Tenspeed & Brownshoe

Friday, April 14, 2006


If you don't have any kids than this post will mean nothing to you. But if you do and you've ever watched television with your kid, chances are you've seen Blue's Clues. For those of you who haven't seen the show, this is pretty much how it goes:

A non-threatening manchild in a green striped shirt named Steve, lives with his paper-cut-out cartoony dog in a paper-cut-out cartoony apartment. As the "day" progresses, the dog will leave clues for Steve as to what he wants to make, construct, or eat. Let me say that again. The DOG leaves the clues...mmm-hmm. The show is harmless enough and I don't think my kid realizes that in the real world, Steve, has an exceptional serial killer quality to him. Here's the real problem. Those fucking clues.
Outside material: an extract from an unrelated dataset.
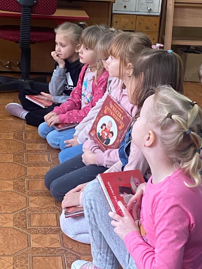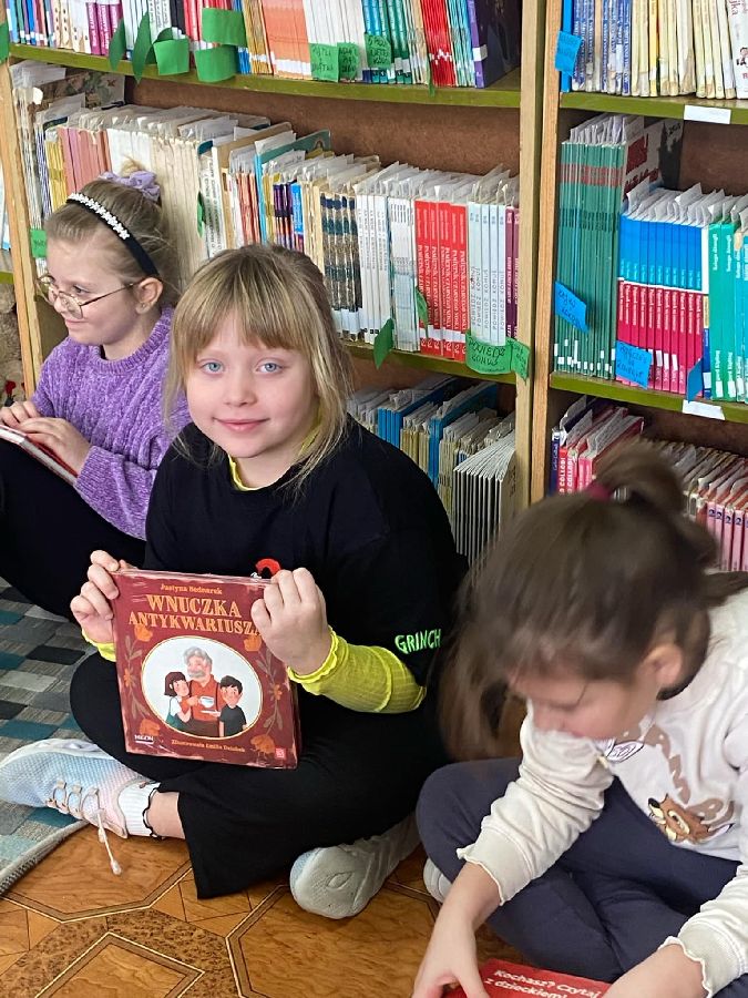 3 stycznia, w ramach programu czytelniczego uczniowie klasy I otrzymali książkę ,,Wnuczka antykwariusza” Justyny Bednarek. Akcja ma zachęcić rodziców do czytania dzieciom. Pani Zosia przeczytała dzieciom fragment książki i opowiedziała o pracy antykwariusza.

I mean, it's supposed to be a kid's show. Except for one small problem. I never understand those fucking clues. Example: The stupid dog gives Steve a string and two paper cups. Serial Killer Steve looks at the camera and asks,"What does he want us to make?" I scream, "Nunchucks!" My son screams, "Telephone!". My son was right.

And then the clues get even harder. I'm watching the show this morning and the clues were:

3 Rubber Bands. An Empty Tissue Box. An Empty Roll of Paper Towels.

What does the dog want us to make? I have no fucking clue. Because they don't sound like clues to me. They sound like trash. The show described the exact contents of my bathroom garage bin. Now this is what pisses me off. I look over to my son and I can tell by the look on his face that he figured it out.

3 Rubber Bands. An Empty Tissue Box. An Empty Roll of Paper Towels.

And my son figured it out. Is he that smart or am I that dumb? The night before he pissed in his bed so I'm not sure. But he wants to scream it out so bad. I look at him and scream, "ONE MORE SECOND!!" But he wants to scream it out sooo bad. So I gave him a "time out" and change the channel to Blind Date.

But that wasn't right. I shouldn't have punished him. So I walked over and give him a hug. He looks at me and says, "A guitar".

I don't want my son watching that show anymore.